Tensorflow, Pytorch 비교

Hyun·2022년 7월 28일

기타등등

목록 보기

10/11

자세한 사항은 아래를 참조해주세요!
PyTorch 딥러닝 챗봇, 1.서론 [Pytorch vs. Tensorflow], wikidocs
2022년 PyTorch 와 TensorFlow 비교 | GeekNews
[PyTorch] . Tensorflow(텐서플로) PyTorch(파이토치) 차이점 비교
PyTorch vs TensorFlow in 2022, freejack
PyTorch vs TensorFlow in 2022, Ryan O'Connor

간단 비교

	Tensorflow	Pytorch
기반	Theano	Torch
개발사	Google	Facebook
그래프	정적	동적
실행 순서	모델의 전체 계산 그래프 정의 후 모델 실행	동작 중에 그래프 정의/조작
Deployment	배포 지향 app에 최적	부진했지만, 차이를 줄이는 중
GPU 할당	자동	cuda.is_available()

고려 사항

모델 가용성 ( 공개된 모델을 이용 가능한가? ) => 최근 Pytorch 우세. 예외사항 존재

배포 인프라 ( 배포가 용이한가? ) => 여전히 Tensorflow 우세. ONNX 사용하여 Pytorch 모델을 TensorFlow 배포 workflow 내에서 사용 가능하다.

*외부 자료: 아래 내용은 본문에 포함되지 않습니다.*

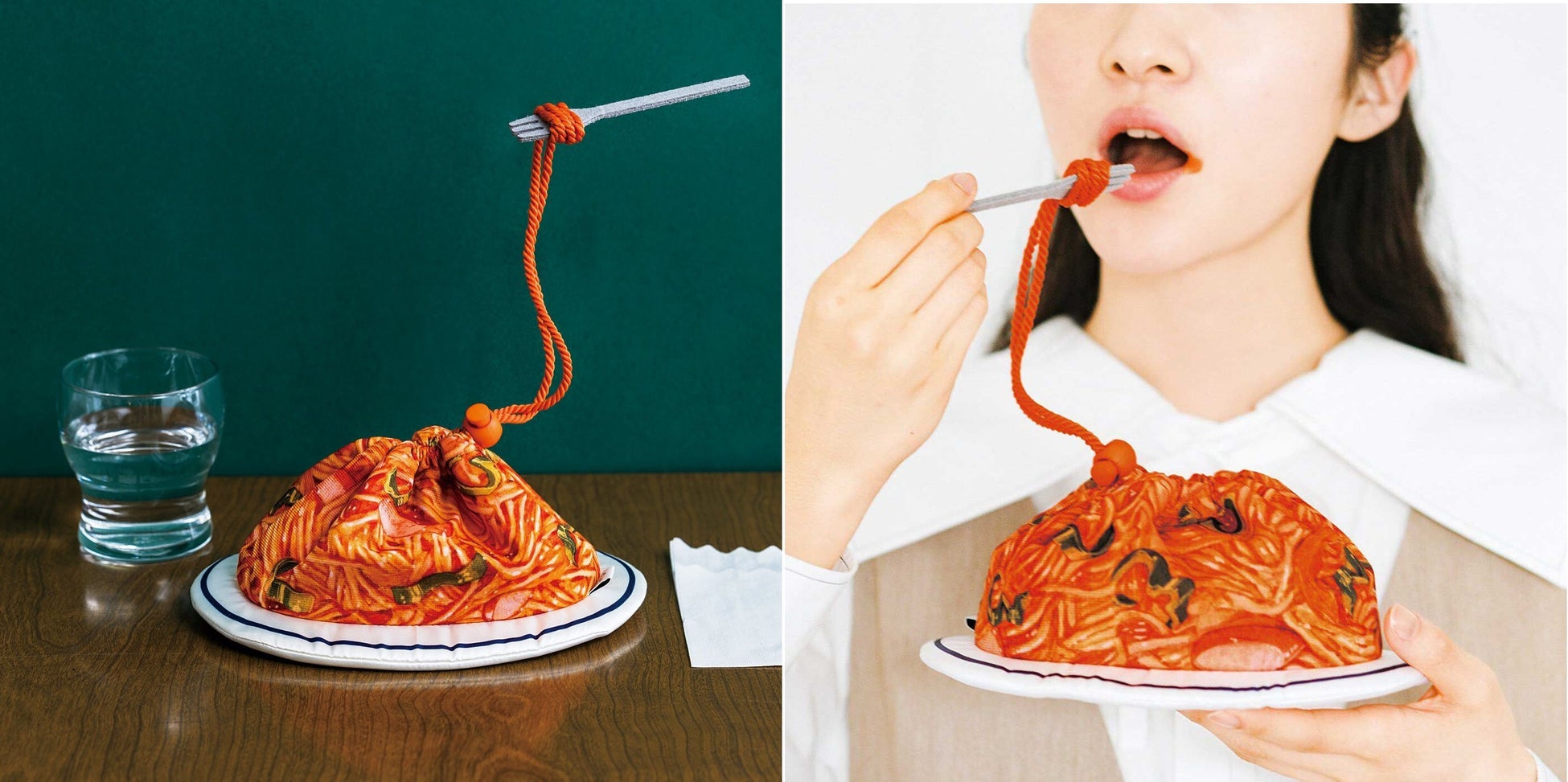 一度食べるとやみつきになる喫茶店の定番メニュー「ナポリタン」を再現。麺に見立てたひもの先にはフェルトのフォークも付いていて、本物のナポリタンを食べているようなシーンを何度も楽しめます。

생태계 ( 환경/하드웨어 적합성 ) => Tensorflow 우세.

1. 모델 가용성 : PyTorch

모델 가용성
공개적 SOTA 모델 활용 가능한가?
사전 훈련된 모델에 접근할 수 있는가?

모델 가용성

Tensorflow, Pytorch 모두 자체 공식 모델 repository 보유
Hugging Face 등록 여부
- Tensorflow : 16%(독점 : 8%).
  상위 30개 모델로 비교했을 때 1/3을 사용할 수 없고 Tensorflow 독점은 없다.
- Pytorch : 독점 85%
논문 발표 추세
- Tensorflow : 25%
  줄어든 이유 :
  1. Tensorflow 1의 어려움
  2. 1과 2의 호환성
- Pytorch : 75%
Pytorch가 우세인 중에도 예외사항은 있다.
- Tensorflow : 구글 AI(Flax와 JAX를 사용), 딥마인드(2020. JAX, Haiku를 사용하여 연구 가속화)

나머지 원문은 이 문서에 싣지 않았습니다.